What you need to do - For the entries below, copy exactly the line that contains "南野 留風威さんの総格は48画の4点" through the line that contains "1-room apartment in", both ends included, and exclude all pictures.

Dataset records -
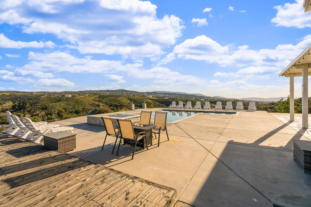 WINE COUNTRY HILLTOP ESTATE WITH PANORAMIC VIEWS ON 4.3 Acres. Exceptional Wine Country Hilltop Estate offering sweeping panoramic views of surrounding mountains, groves, and the Temecula Valley, with sight-lines extending toward the Pacific Ocean. Ideally positioned atop a private and secluded 4.3-acre knoll, this custom Cape Cod-style residence offers a rare blend of peaceful rural living with convenient access to renowned wineries, shopping, dining, and local amenities. The home presents and shows like a luxury model.The property features expansive outdoor living and recreation areas, including a resort-style pool and spa designed to capture endless views, gated entry, a three-car garage, and ample additional parking for approximately nine vehicles. Approximately three acres of usable flat and gently sloped land offer excellent potential for equestrian facilities, vineyards, citrus groves, agricultural use, or a possible ADU (buyer to verify) The home is configured as seven bedrooms and 4.5 bathrooms and includes a private office, two primary suites--one on the main level and one upstairs--and multiple fireplaces throughout. Nearly every room enjoys breathtaking views and abundant natural light. Interior highlights include freshly painted interiors, soaring ceilings, dual-pane windows, ceiling fans throughout, and a formal dining area accommodating up to ten guests.The recently remodeled gourmet chef's kitchen features high-end Kitchen Aid stainless steel appliances, extensive cabinetry and storage, a large center island, and a dedicated espresso bar. The main living area is anchored by an impressive dry-stacked fireplace, vaulted ceilings, and expansive windows, creating seamless indoor-outdoor flow through sliding doors leading to the patio.The downstairs primary suite offers a private fireplace, direct patio access, tranquil views, a spacious en-suite bathroom, and an oversized walk-through closet. Upstairs bedrooms and the loft/TV area capture additional scenic vistas through charming dormer windows.Designed for entertaining and relaxation, the outdoor living space includes a newer resort-style pool and spa, built-in BBQ, sink, outdoor refrigerator, multiple seating areas, and unforgettable sunset views overlooking Wine Country. The property has been exceptionally well maintained and reflects true pride of ownership.Additional features include both 30-amp and 50-amp RV electrical hookups with dump station, no HOA.
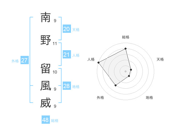 南野 留風威さんの総格は48画の4点
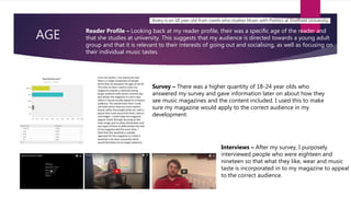 This document discusses the target audience for a media product based on evaluation of the audience's age, gender, and class. It was determined through a reader profile, survey, and interviews that the target age group is 18-24 year olds. The survey showed a higher response from females, so the product focuses more on appealing to females while also encouraging male interest. Various elements were incorporated like a young female model, popular music, and bright colors. Pricing the product at £3.50 targets a middle-class audience based on affordability. Elements like style of clothing and pricing make the product appealing while representing trends of the middle class.
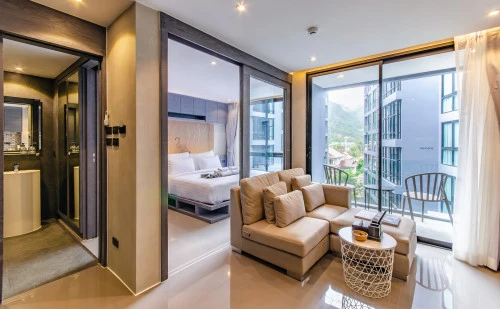 1-room apartment in Citygate Condominiums with an area of 33 sq.m. with a swimming pool, overlooking the mountains, in the Kamala area...
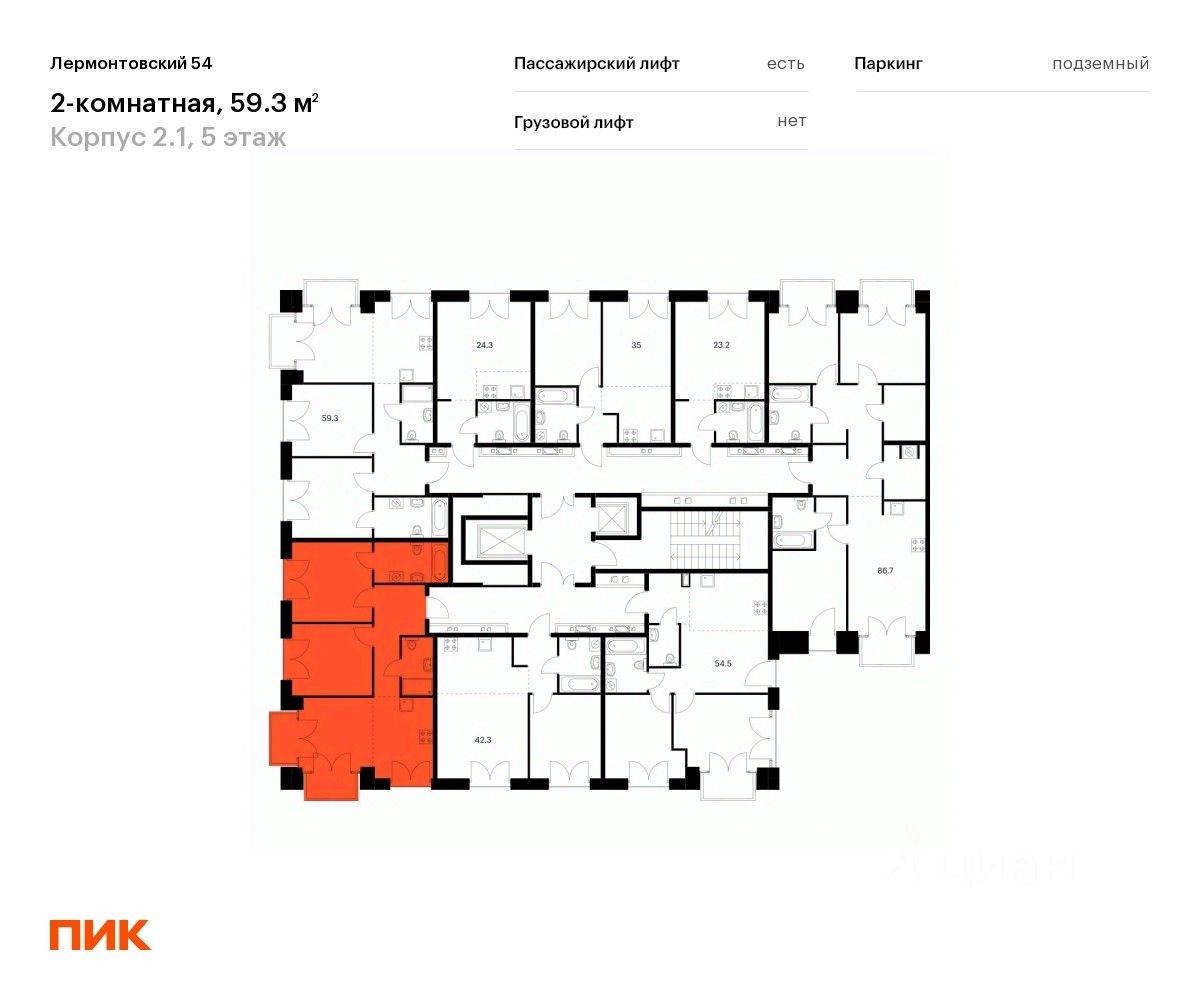 Продаётся 2-комн. квартира площадью 59,3 кв.м на 5 этаже 7 этажного дома (Корпус 2.1, Секция 1) проекта ПИК Лермонтовский 54. Светлый просторный подъезд на уровне земли, функциональная планировка, большие окна, без отделки.
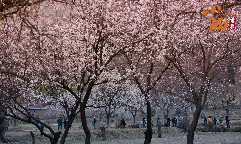 伴著杏花的芬芳,行走在杏花林間,一家老小、親朋好友三五成群地在杏花樹下留念拍照,來感受“醉美”唐汪川。
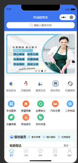 为用户提供家政服务平台简洁直观的操作界面。用户可在上面浏览各类家政服务项目,查看服务人员信息及评价,进行在线预约和下单,完成支付,并在服务结束后对服务进行评价和反馈。同样通过微信小程序羚城智管家实现,服务人员可以接收订单通知,查看订单详情和用户需求,导航至用户地址提供服务。在服务过程中,可记录服务进
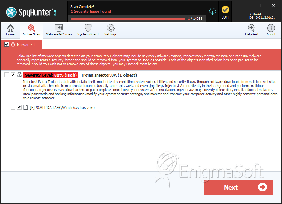 Ranking: The ranking of a particular threat in EnigmaSoft’s Threat Database.
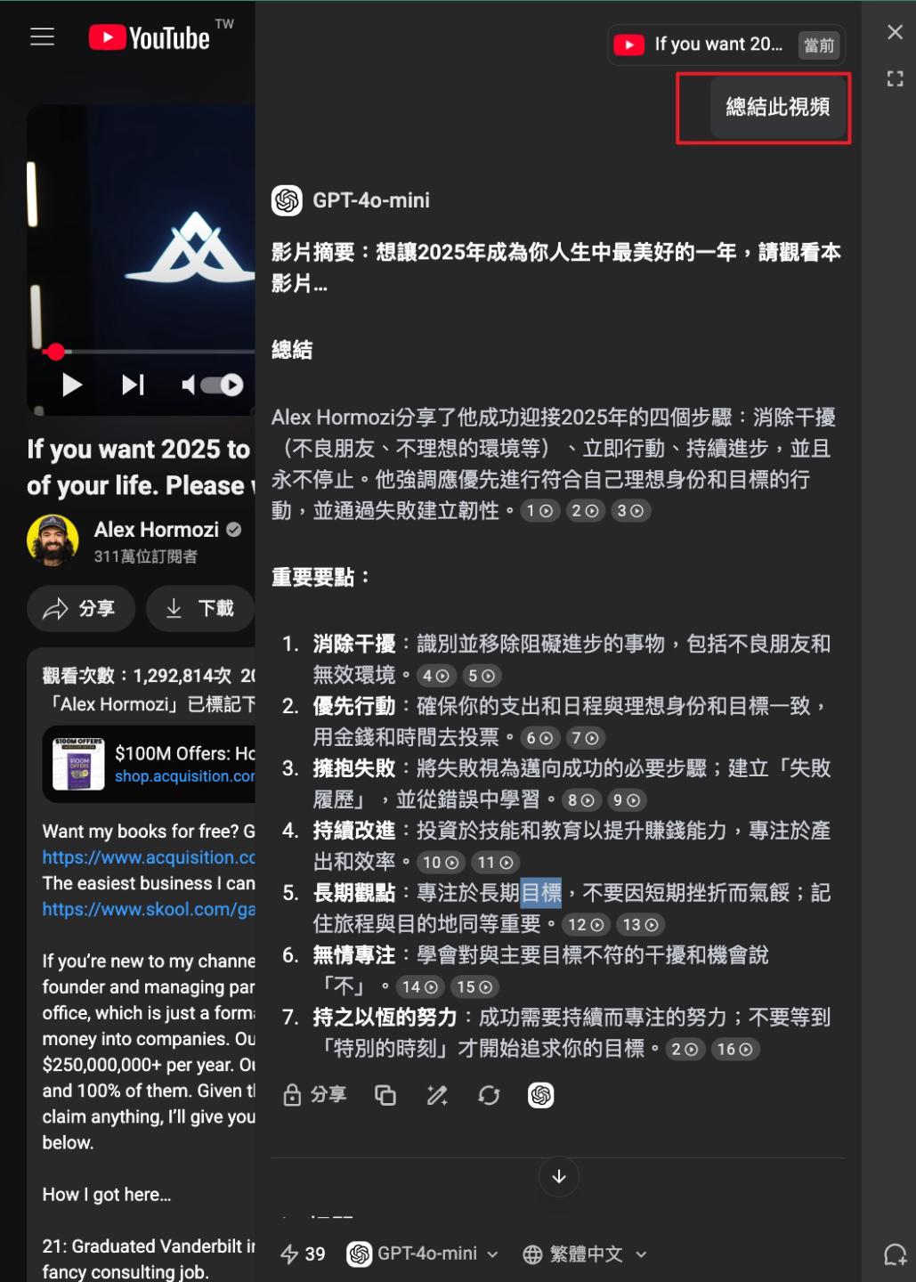 遇到的痛點:當我們 遇到問題時候,或是開始建構一項新的知識的時候,往往要查很多資料,或是看很多影片,這些影片長的2小時,短的30分鐘;但往往你需要的,可能就是1分鐘的片段解答而已。學習目標和工具: 1. 用MaxAI chrome插件 - 一分鐘總結影片下載連結:https://www.maxai.co/(輕量免費)
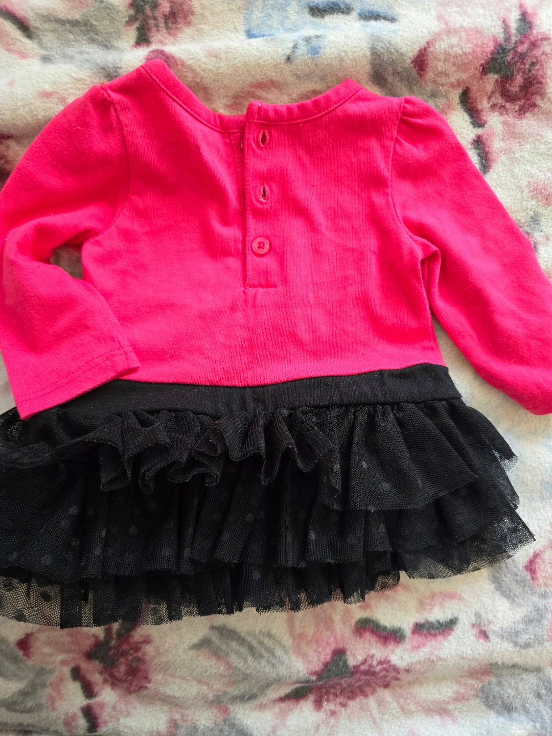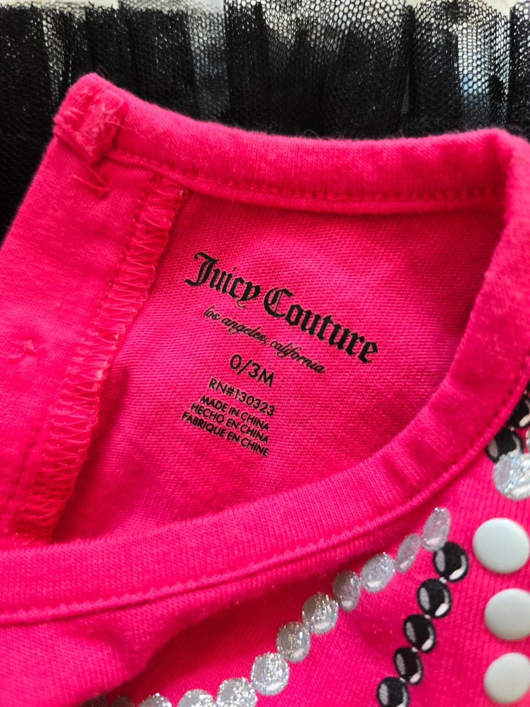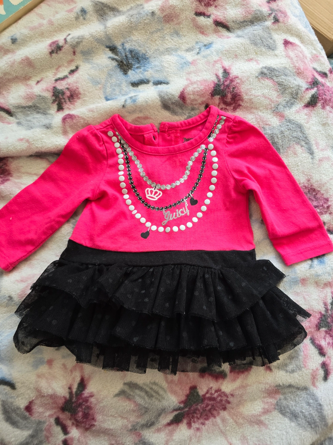 1000+gentle use Adorable Juicy Couture baby girl's dress. Pink long-sleeve top with black tulle tutu bottom. Features a jeweled necklace design. Size 3 months.

Result of the task -
 南野 留風威さんの総格は48画の4点
 This document discusses the target audience for a media product based on evaluation of the audience's age, gender, and class. It was determined through a reader profile, survey, and interviews that the target age group is 18-24 year olds. The survey showed a higher response from females, so the product focuses more on appealing to females while also encouraging male interest. Various elements were incorporated like a young female model, popular music, and bright colors. Pricing the product at £3.50 targets a middle-class audience based on affordability. Elements like style of clothing and pricing make the product appealing while representing trends of the middle class.
 1-room apartment in Citygate Condominiums with an area of 33 sq.m. with a swimming pool, overlooking the mountains, in the Kamala area...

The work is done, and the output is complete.